EXTREMUM METHODS OF STRUCTURAL ANALYSIS FOR SYSTEM RELIABILITY ASSESSMENT

Discrete extremum methods of systems analysis are demonstrated as a tool for structural system reliability assessment. Specifically, linear and multiobjective linear programming based procedures are developed for structural analysis of ductile frames under proportional and multiparameter loading, respectively. Kinematic and static approaches for rigid plastic analysis form a primal-dual pair in each of these models and have a polyhedral format. Duality relations link extreme points and hyperplanes of these polyhedra and lead naturally to dual methods for computing system reliability, depending upon the treatment of uncertainty.; Random events-based procedures require enumeration of the failure modes, and these are identified as the extreme points of the convex polytope for the kinematic model.
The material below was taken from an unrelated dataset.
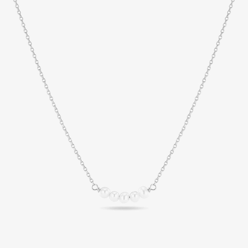 This elegant necklace features a delicate sterling silver chain showcasing five luminous freshwater pearls. Each pearl, with its unique soft glow and organic shape, brings a touch of classic sophistication and natural beauty to the design. This necklace embodies understated luxury, perfect for adding a refined touch to both everyday ensembles and special occasions.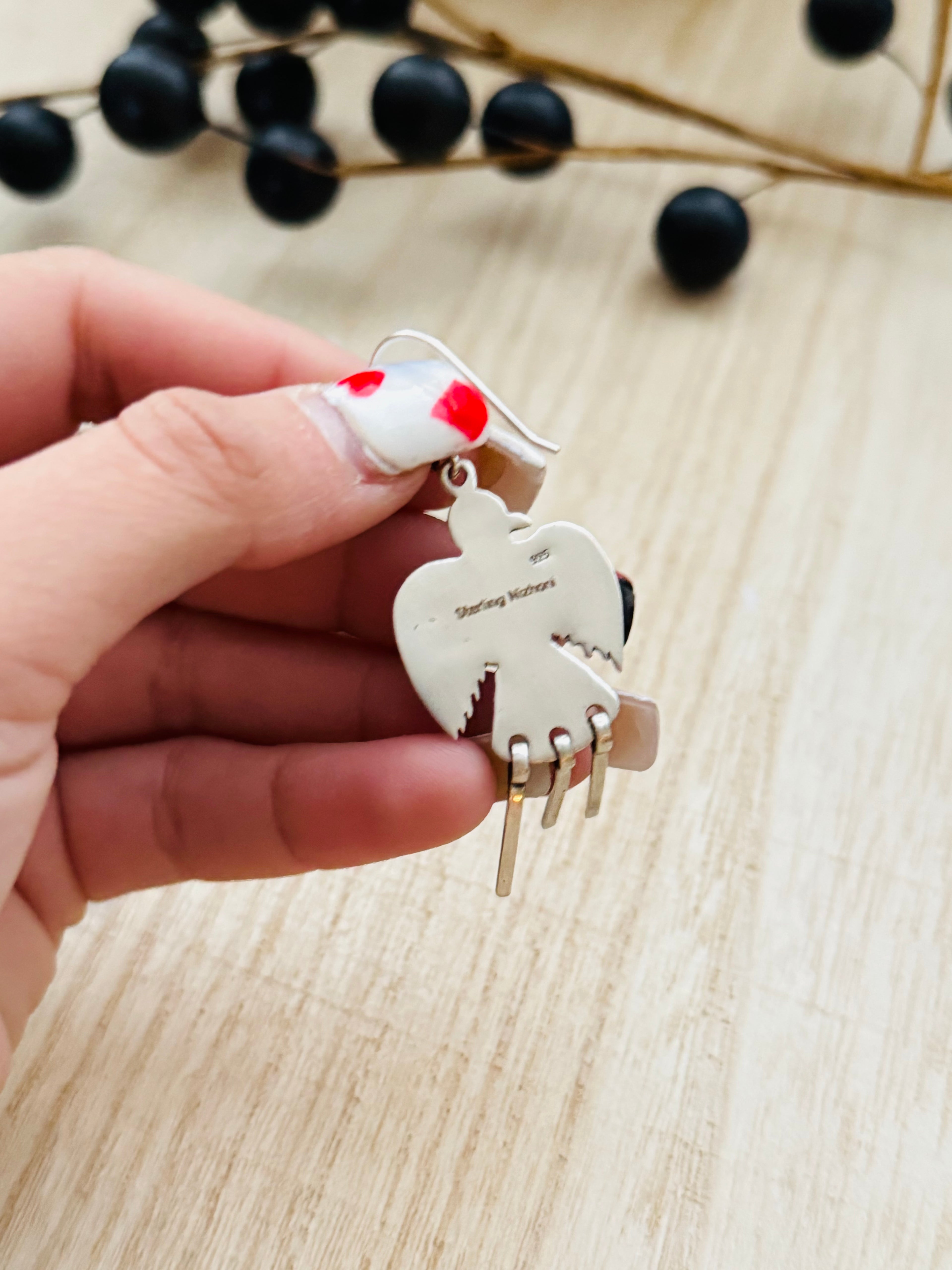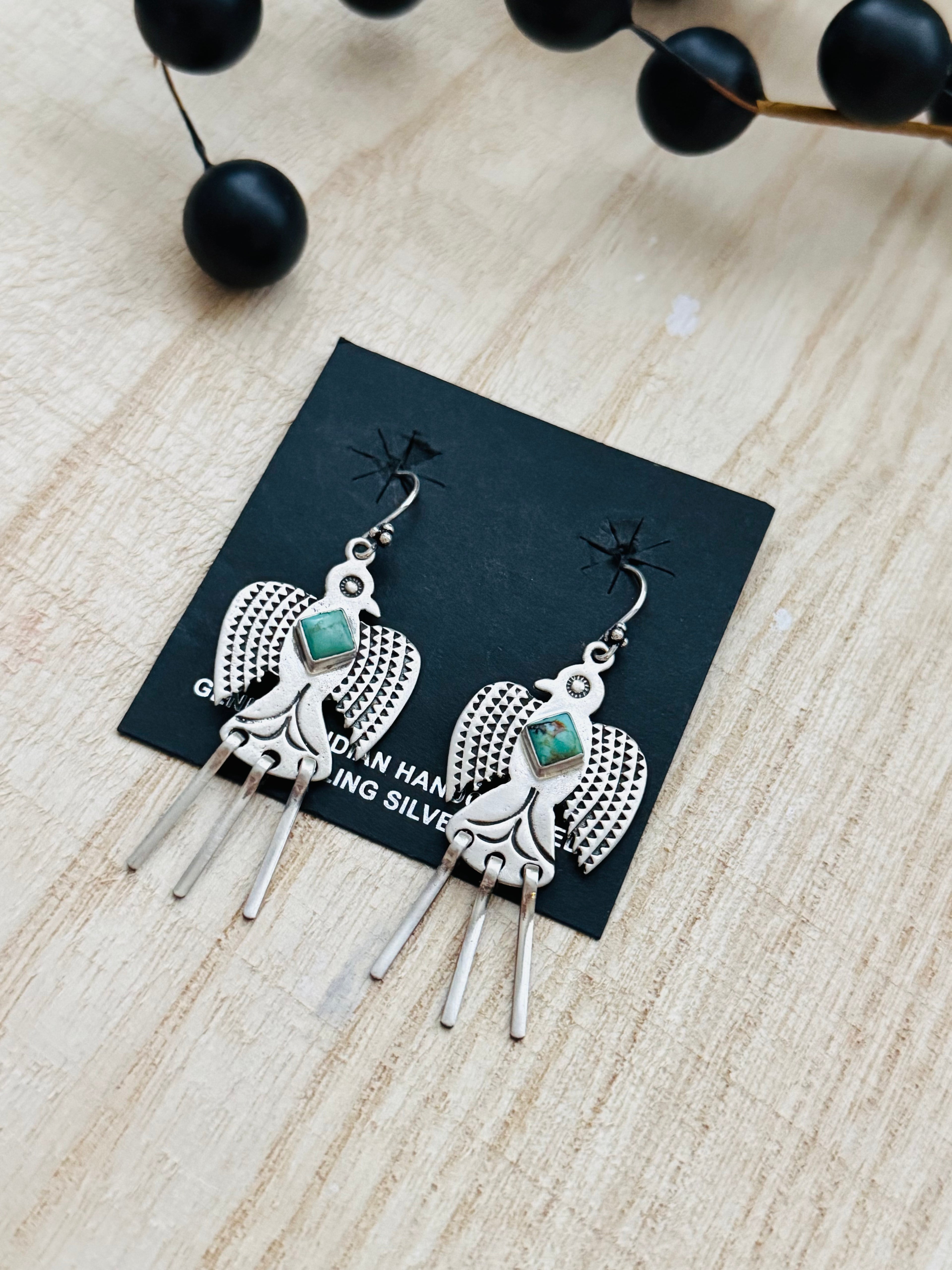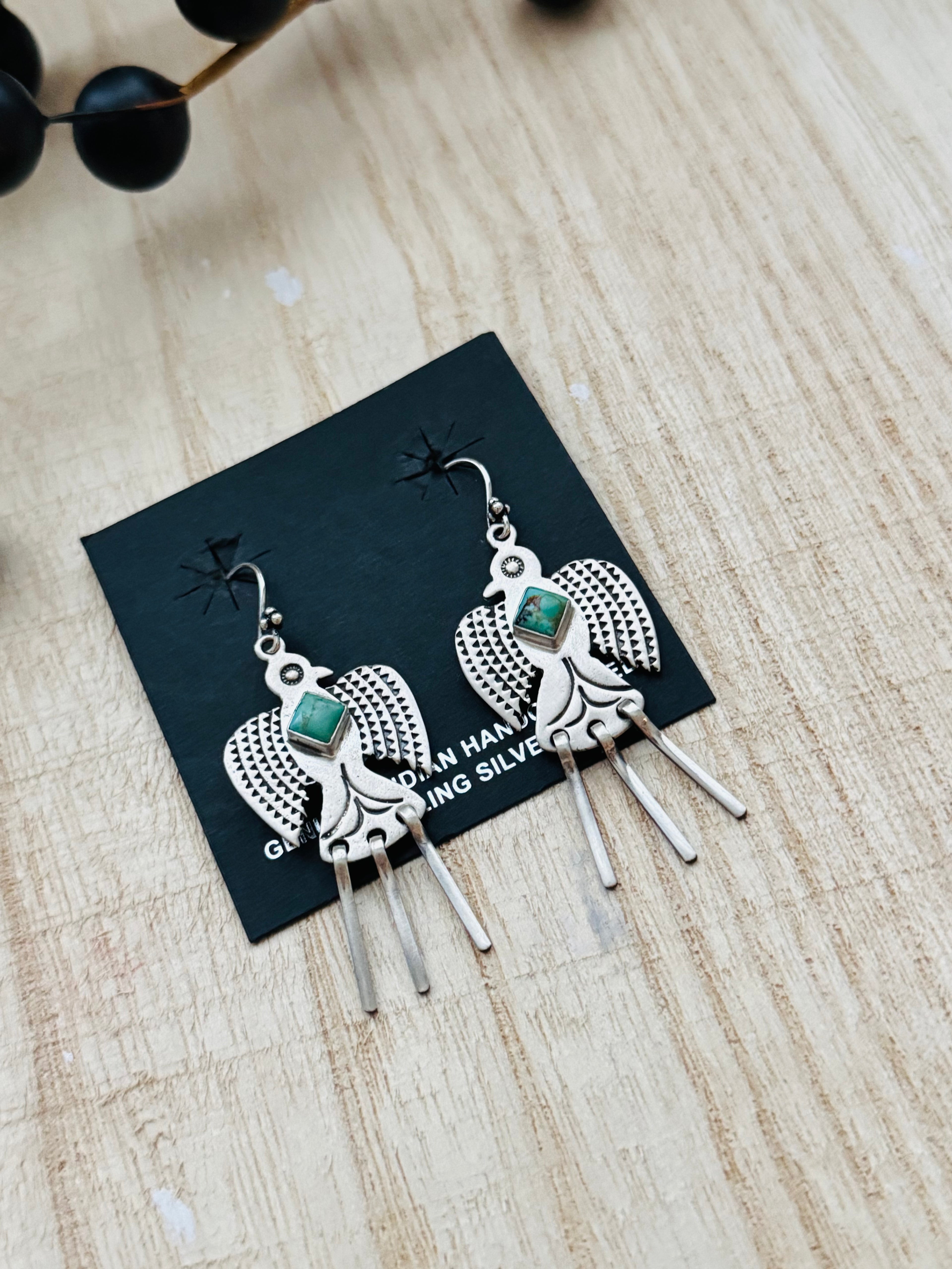 Southwest Handmade Kingman Turquoise & Sterling Silver Dangle Thunderbird Earrings

An algorithmic procedure is used for the generation of the multiple failure modes of frames under proportional loading in ascending order of their collapse loads. The method can be used to generate a prespecified number of modes or all modes up to a specified level of significance. Modal collapse loads, failure mode expressions, bending moment distributions, modal correlations and bounds on the number of failure modes are easily available.; Random variable methods proceed from the limit surface demarcating the safe and unsafe regions. A static multiobjective programming model is formulated for frames under multiparameter loading, in which the weak noninferior sets represent the limit surfaces in load and basic variable spaces. Powerful computational procedures are utilized for generating the global n dimensional polyhedral limit hypersurfaces. The maximal facets of the polyhedra represent unique failure modes. Bending moment distributions, load combinations leading to a given mode, and modal correlations can be obtained.; A new approach for the estimation of structural system reliability based on the random variable approach is presented. The proposed method replaces the safe region of the structure with an analytically tractable region of equivalent volume, where this volume may be of different order and dimension. The system reliability can be computed from the properties of the substituted region. A hyperspherical equivalent region is used for polytopic limit surfaces, and the system reliability is directly available from probability tables.